_LISTED RECORDS:_

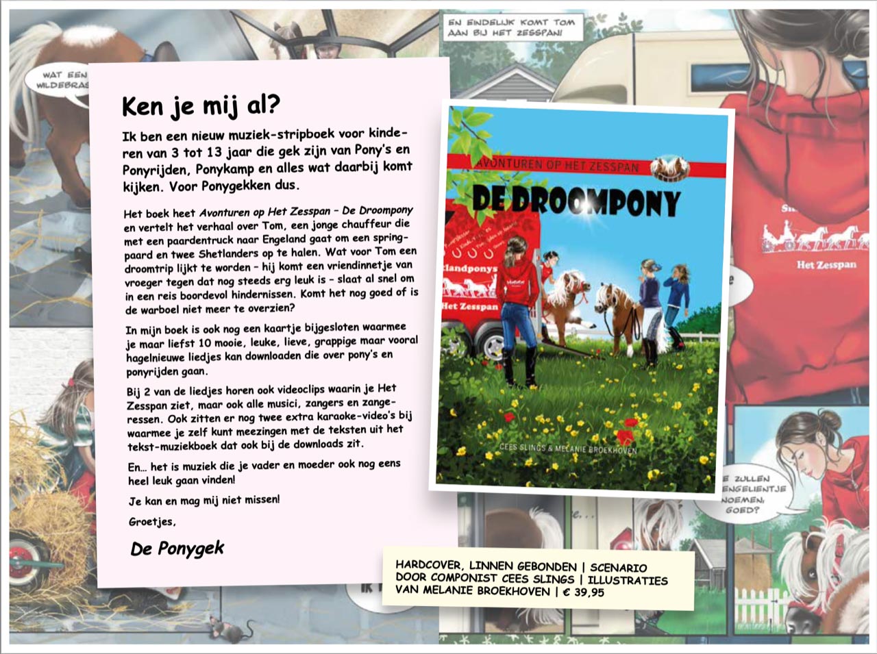 Tom is een jonge chauffeur die met een paardentruck naar Engeland gaat om een springpaard en twee Shetlanders op te halen. Wat voor Tom een droomtrip lijkt te worden - hij komt een vriendinnetje van vroeger tegen dat nog steeds erg leuk is - slaat al snel om in een reis boordevol hindernissen. Komt het nog goed, of is de warboel niet meer te overzien? In dit boek zit tevens een kaartje bijgesloten waarmee je maar liefst 10 mooie, leuke, lieve, grappige maar vooral hagelnieuwe liedjes kan downloaden die over pony's en ponyrijden gaan. Bij twee van de liedjes horen ook videoclips waarin je Het Zesspan ziet, maar ook de musici, zangers en zangeressen. Ook zitten er nog twee extra karaoke-video's bij waarmee je zelf kunt meezingen met de teksten uit het tekst-muziekboek dat ook bij de downloads zit.
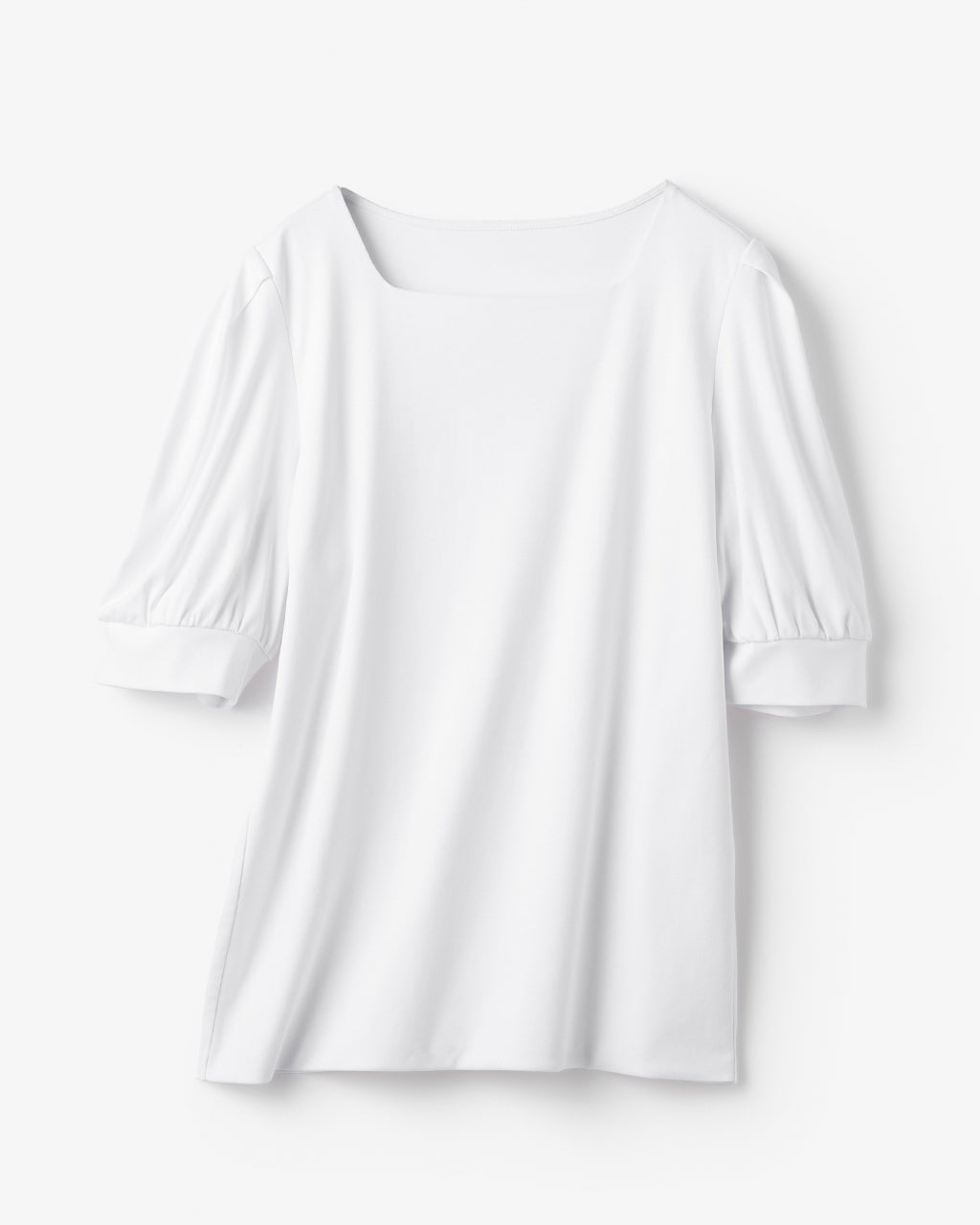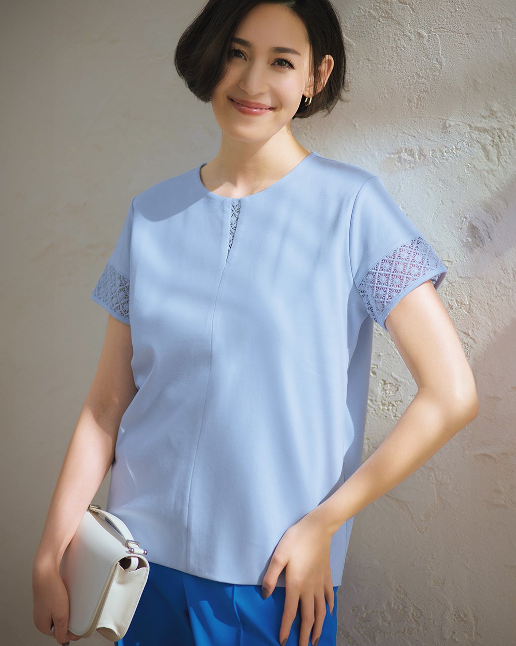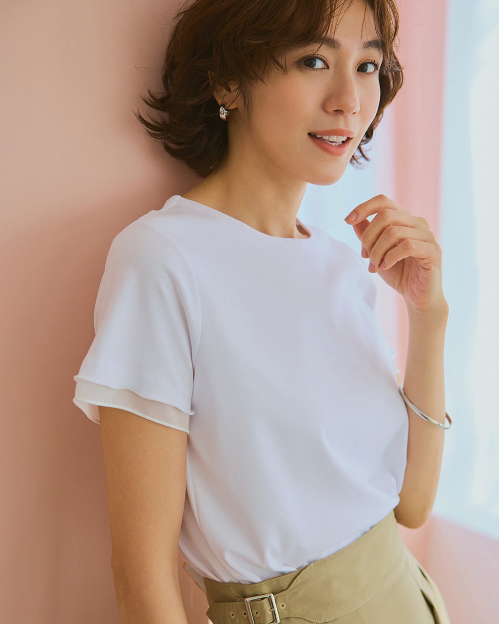 素材の持つ上質感がブラウスにも負けない品格Tシャツの証です。 -
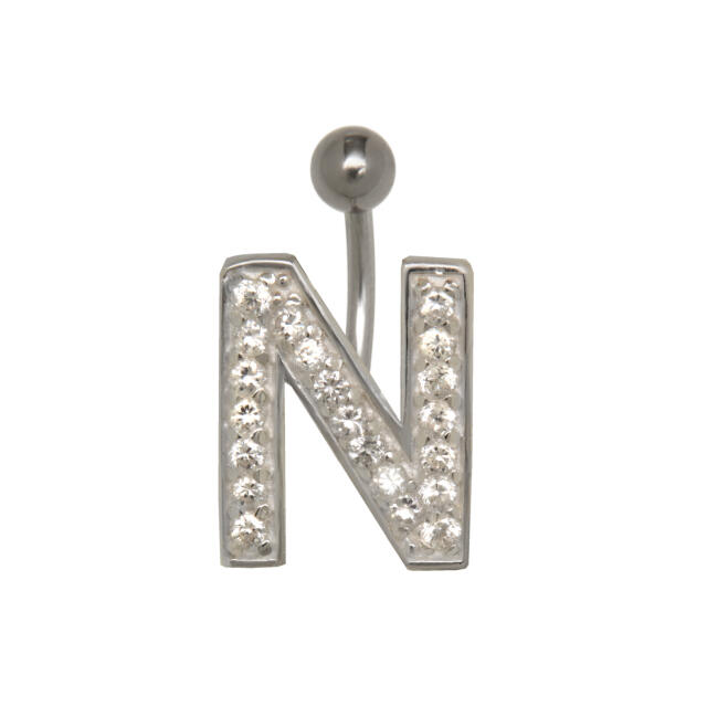 Belly button body jewelry piercing in ABC design with zirconia - letter N,1.6x6mm / 1.6x8mm / 1.6x10mm / 1.6x12mm / 1.6x14mm
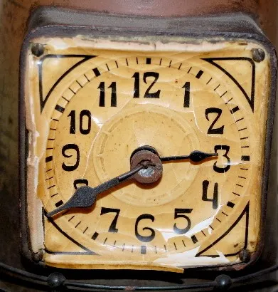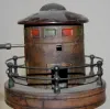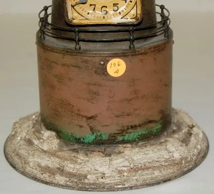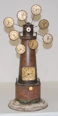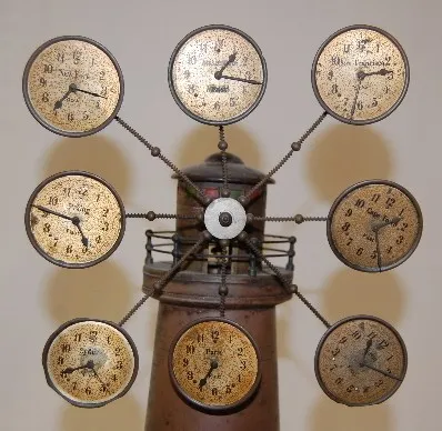 9 Time Zone Lighthouse Clock metal body with applied plaster on the base to simulate brass. Not tested. (Clock dial is rough; expected roughness to case.) 23"
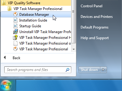 1. Click Start, click All Programs, click VIP Quality Software, click VIP Task Manager (Professional or Standard), and then click Database Manager.
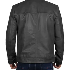 Men’s Black Leather Jacket With Drop Down Collar

_WHAT YOU HAVE TO DO:_ Write out the entries word for word. Skip the pictures.

_YOUR RESPONSE:_
 Tom is een jonge chauffeur die met een paardentruck naar Engeland gaat om een springpaard en twee Shetlanders op te halen. Wat voor Tom een droomtrip lijkt te worden - hij komt een vriendinnetje van vroeger tegen dat nog steeds erg leuk is - slaat al snel om in een reis boordevol hindernissen. Komt het nog goed, of is de warboel niet meer te overzien? In dit boek zit tevens een kaartje bijgesloten waarmee je maar liefst 10 mooie, leuke, lieve, grappige maar vooral hagelnieuwe liedjes kan downloaden die over pony's en ponyrijden gaan. Bij twee van de liedjes horen ook videoclips waarin je Het Zesspan ziet, maar ook de musici, zangers en zangeressen. Ook zitten er nog twee extra karaoke-video's bij waarmee je zelf kunt meezingen met de teksten uit het tekst-muziekboek dat ook bij de downloads zit.
 素材の持つ上質感がブラウスにも負けない品格Tシャツの証です。 -
 Belly button body jewelry piercing in ABC design with zirconia - letter N,1.6x6mm / 1.6x8mm / 1.6x10mm / 1.6x12mm / 1.6x14mm
 9 Time Zone Lighthouse Clock metal body with applied plaster on the base to simulate brass. Not tested. (Clock dial is rough; expected roughness to case.) 23"
 1. Click Start, click All Programs, click VIP Quality Software, click VIP Task Manager (Professional or Standard), and then click Database Manager.
 Men’s Black Leather Jacket With Drop Down Collar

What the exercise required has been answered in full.